§ **Stored items from a collection**
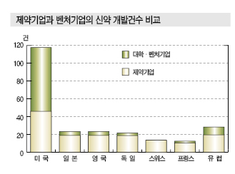 세계 최대의 의약품 시장으로 신약 연구능력이 뛰어난 미국은 벤처·학계에서 개발해 인가된 신약 비율이 50%를 넘는 것으로 파악되고 있다. 경쟁국가와는 상이한 흐름으로, 미국은 바이오 벤처기업이 신약 연구를 주도하고 있다.
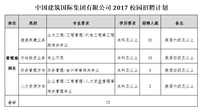 中国建筑国际集团二〇一七“海之子”校园招聘网站:http://job.csci.com.hk。
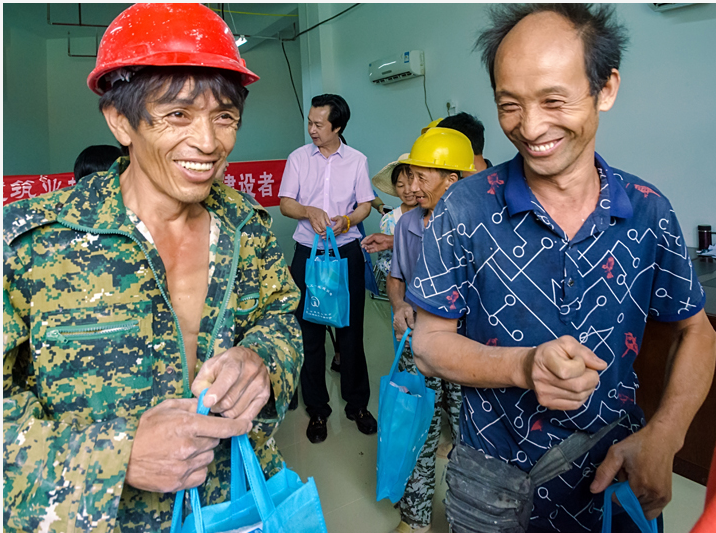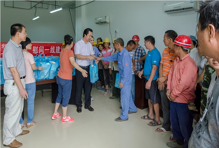 每到一处,施忠旗会长都向在酷暑中坚持工作的职工表示亲切慰问,亲手将一袋袋蜂蜜、毛巾、香皂等防暑降温物品送到每一位职工手中,并亲切询问他们的工作生活情况,叮嘱大家在高温情况下作业注意生产安全,文明施工,合理安排作息,注意身体健康,切实做好高温期间的防暑降温工作,确保大家度过一个安全、卫生、清凉的夏季。
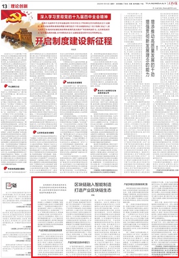 1月13日,《天津日报》(理论创新版)刊发天津市中国特色社会主义理论体系研究中心研究员,星空公共管理学院青年教师席枫博士理论文章“区块链融入智能制造 打造产业区块链生态”。文章指出,区块链融入智能制造的新生态是推进两化深度融合的战略选择,正在为全球信息技术与制造业发展带来颠覆性变革。习近平总书记重要指示、党的十九大报告整体部署以及“十三五”国家信息化规划等战略安排,要求着力提高核心技术的自主创新能力,这为天津制造业融合区块链技术实现高质量发展提供了重要的历史契机。文章从产业区块链生态的创新发展成果、产业区块链生态的内外部压力、产业区块链生态的创新发展之路三个方面针对主题做了详细阐释。学习强国、求是网等媒体转载。
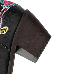 Låt dig svepas med av cowgirl-drömmen i dessa sagolika boots som kombinerar rustik charm med feminina broderier. Med sin höga skärning, färgstarka fjärilsbrodyr och bekväma klack är de lika perfekta för en dans på saloonen som för en promenad genom stan. Oavsett om du väljer rosa, svart eller brun – de här bootsen drar blickarna till sig.
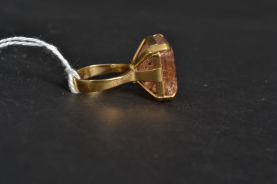 An 18ct gold cushion cut stone cocktail dress ladies ring. The inset oversized stone with inset copper. Raised over bezel mount. Size S, Weight 16.5g
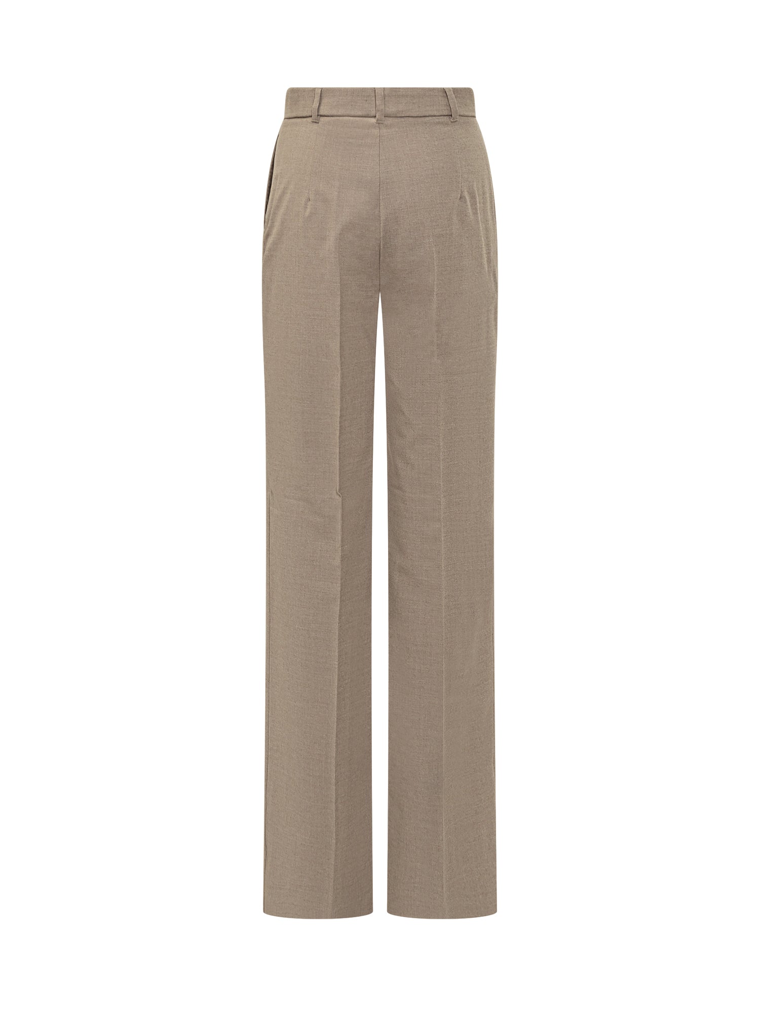 Pantaloni Max Mara Studio in lana beige con linea dritta e piega centrale. Modello a vita media con chiusura a bottone e zip, passanti per cintura e tasche laterali.
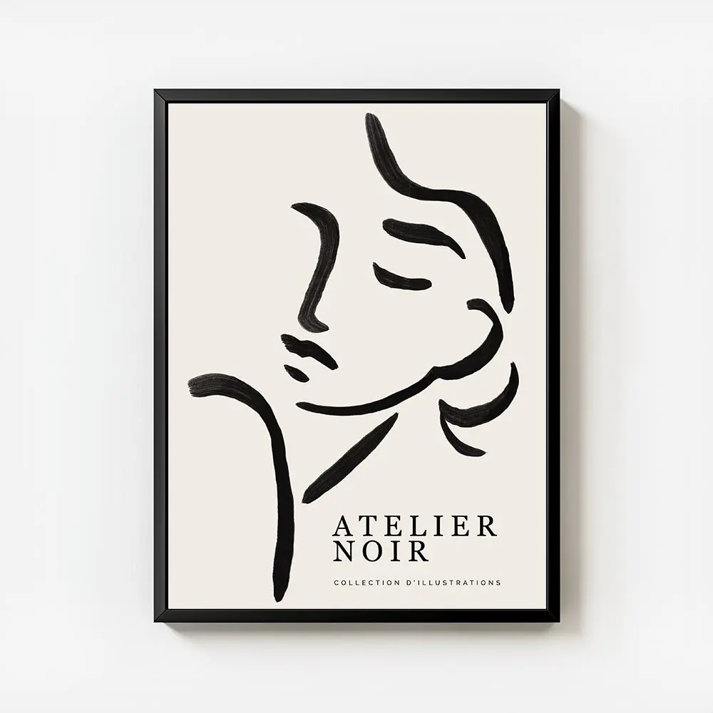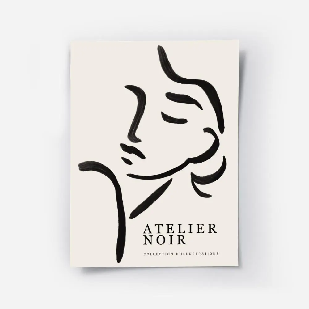 Ce poster s'accorde bien avec des murs clairs, un cadre fin noir ou bois clair, et quelques plantes vertes pour tempérer le contraste. Il fonctionne avec un style minimaliste, scandinave ou contemporain, et se marie bien avec des textiles naturels. Pour explorer des pièces similaires, on peut regarder nos sélections poster noir et blanc et dessins au trait.

§ **Requirement**
Set down all entries above again, exactly, without images.

§ **Written answer**
 세계 최대의 의약품 시장으로 신약 연구능력이 뛰어난 미국은 벤처·학계에서 개발해 인가된 신약 비율이 50%를 넘는 것으로 파악되고 있다. 경쟁국가와는 상이한 흐름으로, 미국은 바이오 벤처기업이 신약 연구를 주도하고 있다.
 中国建筑国际集团二〇一七“海之子”校园招聘网站:http://job.csci.com.hk。
 每到一处,施忠旗会长都向在酷暑中坚持工作的职工表示亲切慰问,亲手将一袋袋蜂蜜、毛巾、香皂等防暑降温物品送到每一位职工手中,并亲切询问他们的工作生活情况,叮嘱大家在高温情况下作业注意生产安全,文明施工,合理安排作息,注意身体健康,切实做好高温期间的防暑降温工作,确保大家度过一个安全、卫生、清凉的夏季。
 1月13日,《天津日报》(理论创新版)刊发天津市中国特色社会主义理论体系研究中心研究员,星空公共管理学院青年教师席枫博士理论文章“区块链融入智能制造 打造产业区块链生态”。文章指出,区块链融入智能制造的新生态是推进两化深度融合的战略选择,正在为全球信息技术与制造业发展带来颠覆性变革。习近平总书记重要指示、党的十九大报告整体部署以及“十三五”国家信息化规划等战略安排,要求着力提高核心技术的自主创新能力,这为天津制造业融合区块链技术实现高质量发展提供了重要的历史契机。文章从产业区块链生态的创新发展成果、产业区块链生态的内外部压力、产业区块链生态的创新发展之路三个方面针对主题做了详细阐释。学习强国、求是网等媒体转载。
 Låt dig svepas med av cowgirl-drömmen i dessa sagolika boots som kombinerar rustik charm med feminina broderier. Med sin höga skärning, färgstarka fjärilsbrodyr och bekväma klack är de lika perfekta för en dans på saloonen som för en promenad genom stan. Oavsett om du väljer rosa, svart eller brun – de här bootsen drar blickarna till sig.
 An 18ct gold cushion cut stone cocktail dress ladies ring. The inset oversized stone with inset copper. Raised over bezel mount. Size S, Weight 16.5g
 Pantaloni Max Mara Studio in lana beige con linea dritta e piega centrale. Modello a vita media con chiusura a bottone e zip, passanti per cintura e tasche laterali.
 Ce poster s'accorde bien avec des murs clairs, un cadre fin noir ou bois clair, et quelques plantes vertes pour tempérer le contraste. Il fonctionne avec un style minimaliste, scandinave ou contemporain, et se marie bien avec des textiles naturels. Pour explorer des pièces similaires, on peut regarder nos sélections poster noir et blanc et dessins au trait.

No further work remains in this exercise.